Speaking during an Arabian Travel Market webinar on 1 June, Clark said that airlines need to assess their strategies around restoring capacity with regards to the mix of reactivating stored aircraft and taking delivery of new aircraft.
Clark says that airline planners are in uncharted waters with this dilemma.
“Part of the mix of the fleet assessment going forward is what is the affordability of new aeroplanes? What is the affordability of existing aeroplanes? For planners, we’ve never been there before.”
“A lot of the current fleet today is on debt, be it through operating leases, financial leases, all sorts of debt structures,” he says.
“The notion that you would simply ground them and say that’s okay is not [correct], because you have contractual obligations to the entity providing the debt or the operating lessors. And this is the real problem - that the fixed costs and the debt incurred to support the fixed costs is something that will not go away.”
As airlines rethink their priorities amid a collapse in cash flow, the key one becomes “survival”, says Clark.

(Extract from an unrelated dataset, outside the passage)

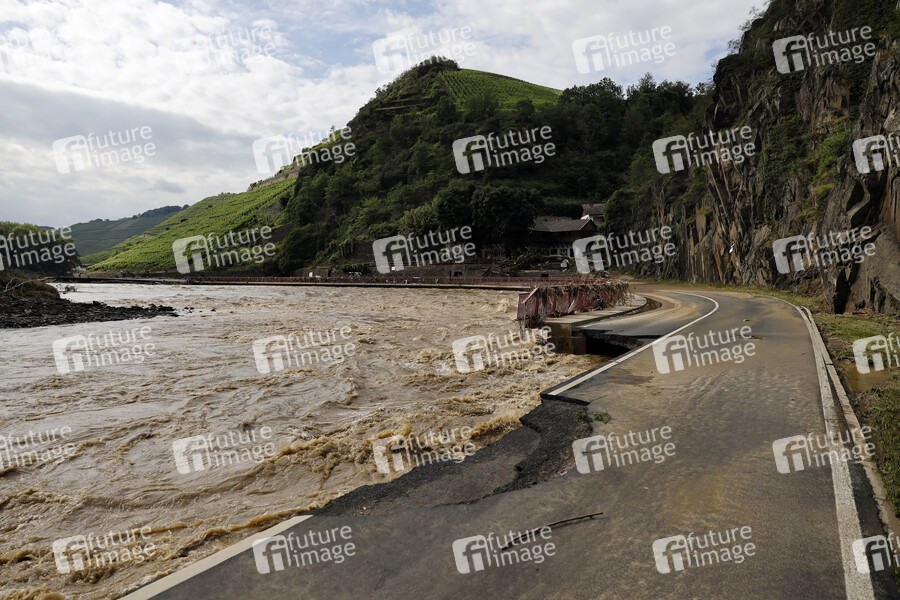 In der Eifel haben heftige Regenfälle und Dauerregen für Überschwemmungen und Überflutungen gesorgt. Im Ahrtal trat der Fluss vielerorts über die Ufer und überschwemmte nicht nur Keller sondern ganze Ortschaften. Im Bild die Straße zwischen Dernau und Walporzheim, die von den Fluten auf einem Abschnitt einfach mitgerissen wurde. Dernau, 15.07.2021

“I think the aerospace manufacturers are aware of this. They’re already seeing signs as future orders are pushed out or cancelled. Unfortunately, until we get income coming back into this business to the level it was, it’s anybody’s guess as to how each carrier is going to manage the short-, medium- and long-term,” he says.
“But I would suggest that we are nowhere near confident enough that the economics, cash flow and bottom line will put us in a good enough position to be able say yes we’ll buy 100 of this and 100 of that, etc. But again it’s short to medium term. Will it come good again in 2023-24? Probably.”